The specific evolutionary lineage that has ultimately led to contemporary humans began with a split from the ancestors of today's chimpanzees (Pan troglodytes) and bonobos (Pan paniscus) ≥6×106 years ago. Thereafter, prehuman antecedents developed upright posture and bipedalism, brain size increased slightly and they learned to use rudimentary stone tools (Klein, 1999) The subsistence activities of these incipient humans at first resembled those of other higher primates, but after about 2·5×106 years ago animal meat became an increasingly-important dietary component, via scavenging and/or hunting. Also, previously-little-utilized plant resources, underground storage organs such as roots and tubers, became more accessible (via use of digging sticks) and digestible (as ancestral acquisition of fire allowed development of cooking; Ragir, 2000). Food procurement gradually assumed a gender-specific character with men hunting and/or scavenging and women gathering. Concurrently, height increased until by 1·7×106 years ago these ancestors were about as tall as are current humans (Walker & Leakey, 1993).
These developments took place in northeast Africa, but after about 2×106 years ago early humans emigrated to the more clement portions of southern Eurasia. The best accepted current theory is that these migrants contributed little or nothing to the gene pool of today's humans (Klein, 1999) Rather, those ancestors (Homo erectus and Homo ergaster) who continued to live in Africa became ever more modern in their physical and behavioural attributes, attaining essentially complete anatomic equivalence with contemporary humans as early as 200–150 kya (McDougall et al. 2005). Behavioural modernity, the appearance of fully-articulate speech, intelligence and creativity just like that of man today, is believed to have emerged in Africa between 100 and 50 kya (Klein, 1999) Thereafter, a second wave of true human migrants led to the extinction of their cousins (most famously the Neanderthals) throughout Eurasia (Klein, 1999). During the millennia after this watershed human adaptation to changing bioenvironmental circumstances across their newly-encountered worldwide range was increasingly by cultural innovation rather than genetic modification. Most palaeoanthropologists (Klein, 1999), human geneticists (Neel, 1994) and evolutionary theorists (Gould, 1980) concur that the average individual living now is almost identical, genetically, to his/her ancestors of 50 kya.
After about 50 kya the ambient circumstances of ancestral humans varied with time period and geographical location. This inconstancy has been held by some researchers to invalidate any ‘Palaeolithic Prescription’. If there was no one universal lifestyle pattern, how can past experience provide a model for dietary recommendations in the present?

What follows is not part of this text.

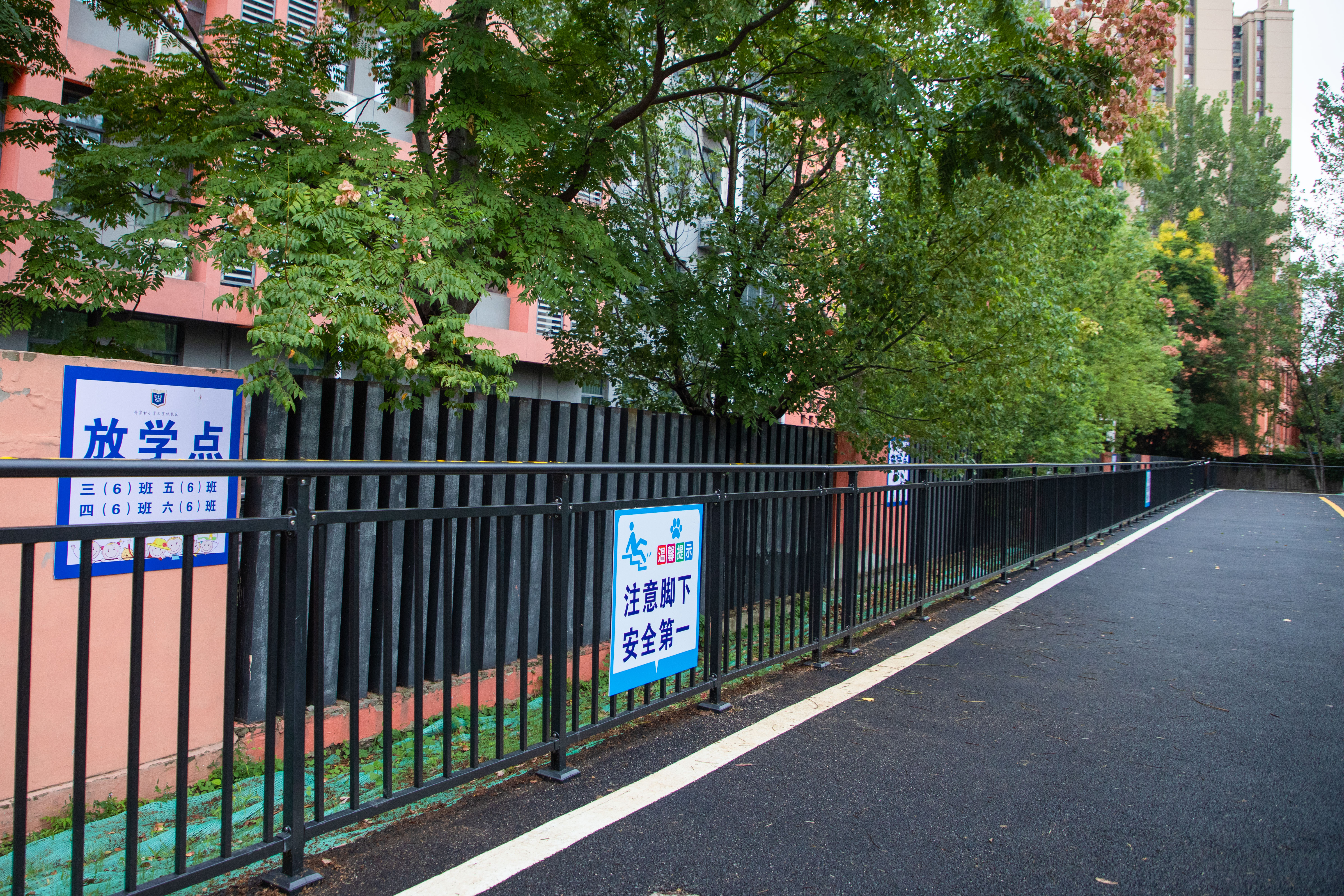 记者现场看到,这条放学通道位于学校东南角,开拓了一条宽3至6米、长110米的步道连通学校出入口,划定清晰的学生专用等候区。通道两侧设置了隔离设施,加装安全标语提示牌,同时在步道中部设置有长椅供家长休憩等候,实现了人流与车流的物理隔离。

There are two logical responses to this objection. The first response is that differences between ancestral environments across time and space were minor in contrast with human experience in the affluent present (Eaton et al. 2002). Whether Stone Age humans lived 45 or 15 kya, food was derived form naturally-occurring vegetation, wild game or aquatic resources. In both the Arctic and the tropics vigorous physical exertion was essential. Reproductive experience varied little amongst pre-agricultural humans (especially when compared with that of women in contemporary Western nations). Furthermore, for the great majority socio-economic equality was the norm. Ancestral ways of life during the period from 50 to 10 kya were indeed heterogeneous, but their core essentials were similar and differed strikingly from those of the present. Those central characteristics of life in the past broadly define appropriate goals for health promotion in the present.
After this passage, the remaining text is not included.